• _SOURCE MATERIAL_
· · · · · · ·

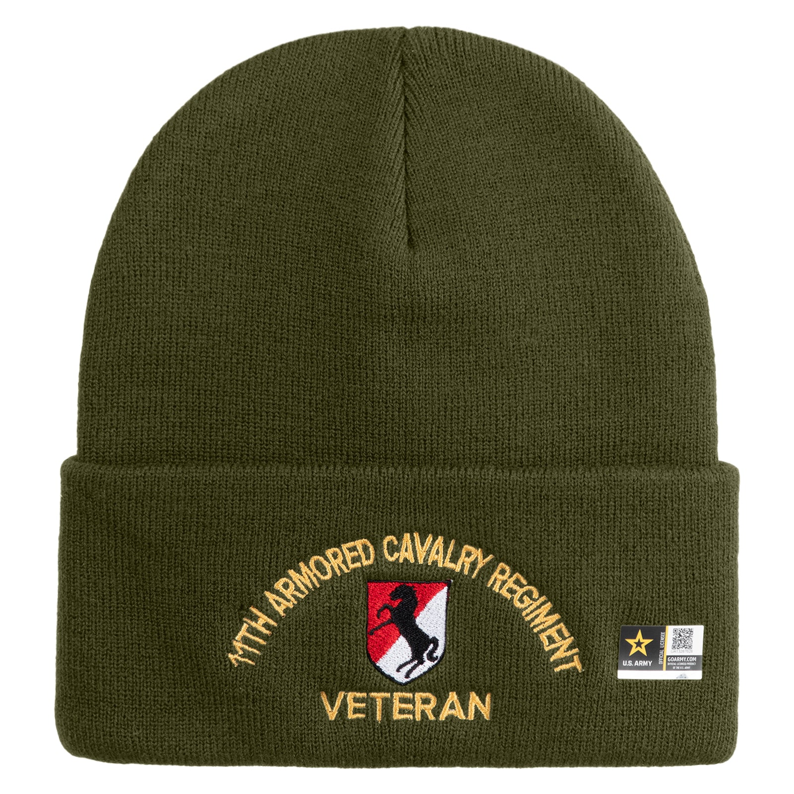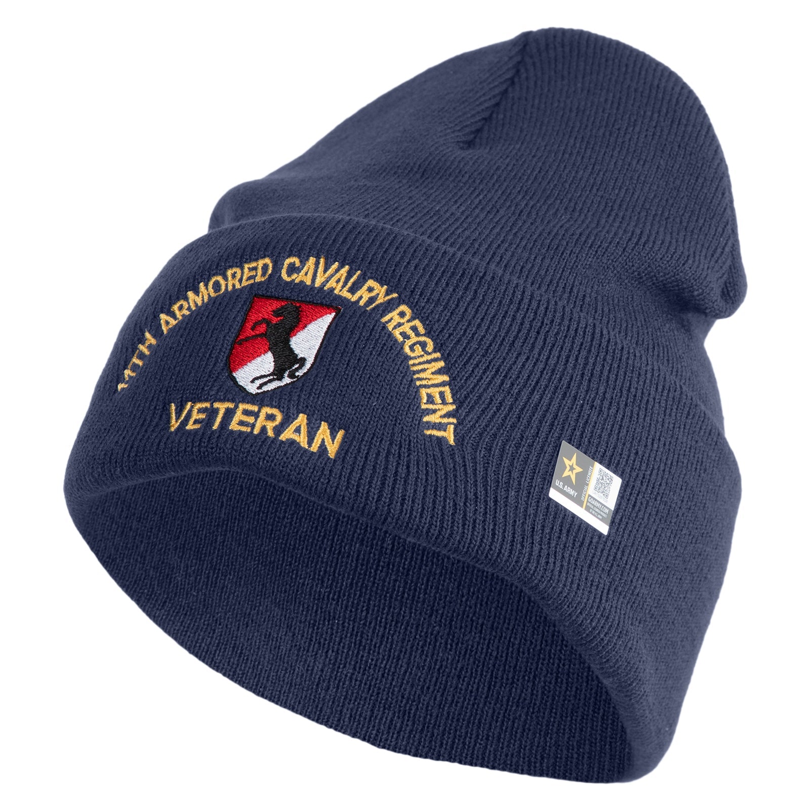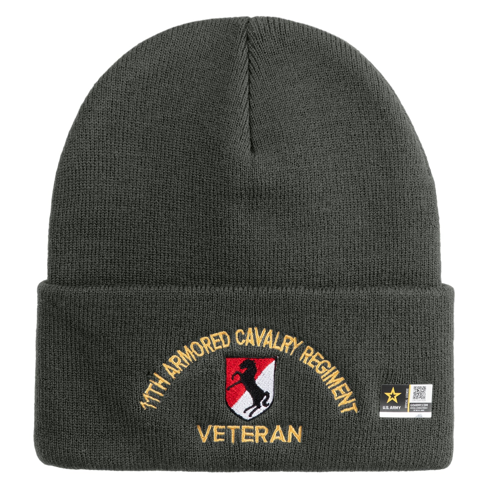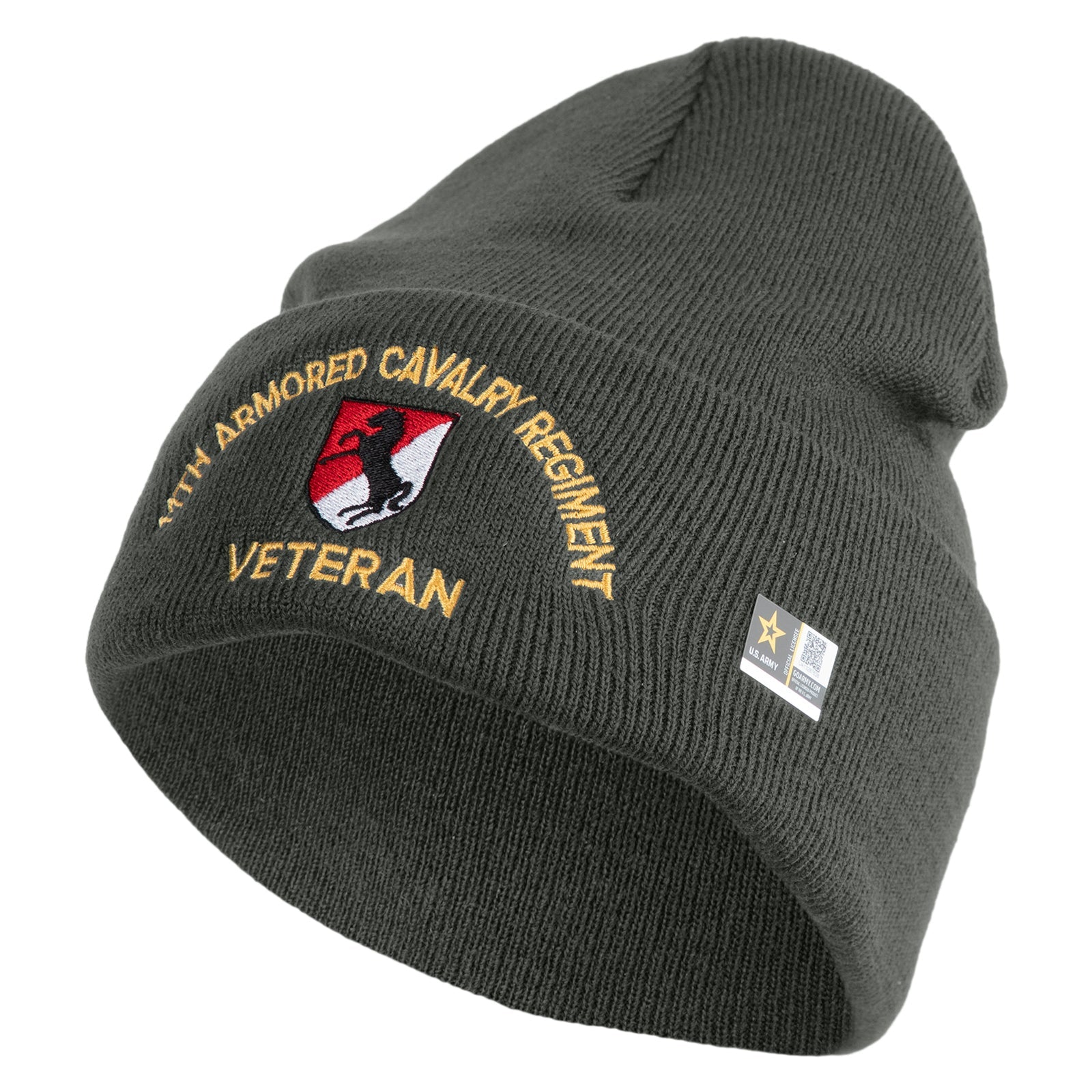 Title, U.S. Army 11th Armored Cavalry Regiment Logo Embroidered 12 Inch Solid Knit Cuff Long Beanie Made in USA
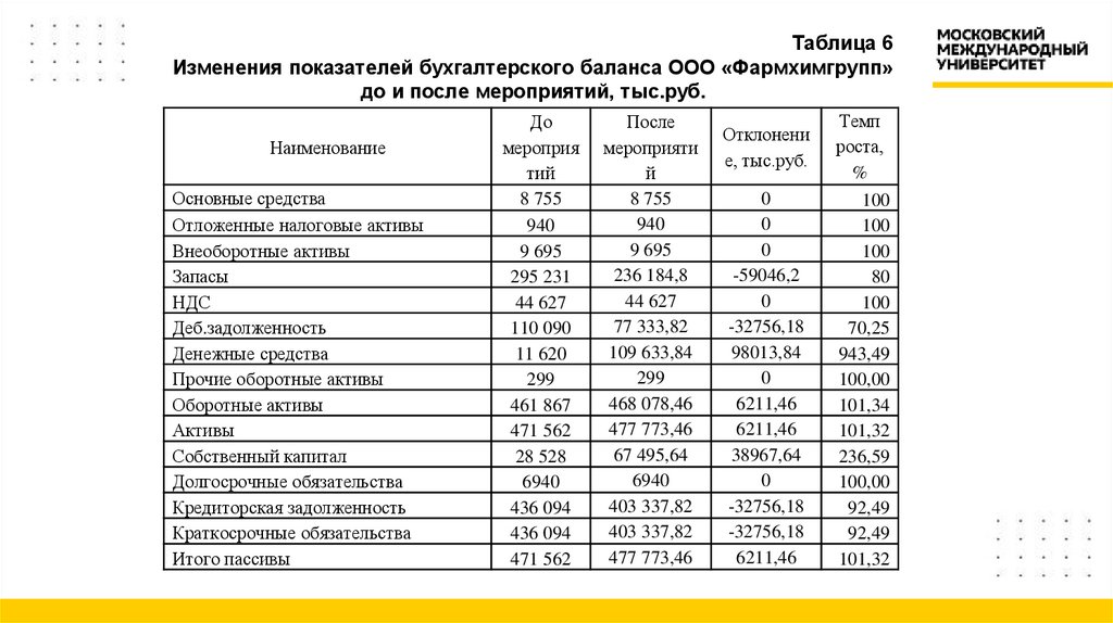 17. Таблица 6 Изменения показателей бухгалтерского баланса ООО «Фармхимгрупп» до и после мероприятий, тыс.руб.
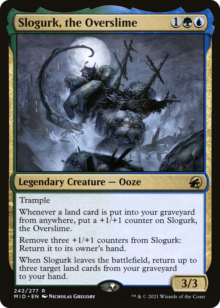 Whenever a land card is put into your graveyard from anywhere, put a +1/+1 counter on Slogurk.

· · · · · · ·

• _WHAT THE EXERCISE ASKS_
Could you retype each line of the material above exactly, skipping the pictures?

• _RESPONSE TO THIS TASK_
 Title, U.S. Army 11th Armored Cavalry Regiment Logo Embroidered 12 Inch Solid Knit Cuff Long Beanie Made in USA
 17. Таблица 6 Изменения показателей бухгалтерского баланса ООО «Фармхимгрупп» до и после мероприятий, тыс.руб.
 Whenever a land card is put into your graveyard from anywhere, put a +1/+1 counter on Slogurk.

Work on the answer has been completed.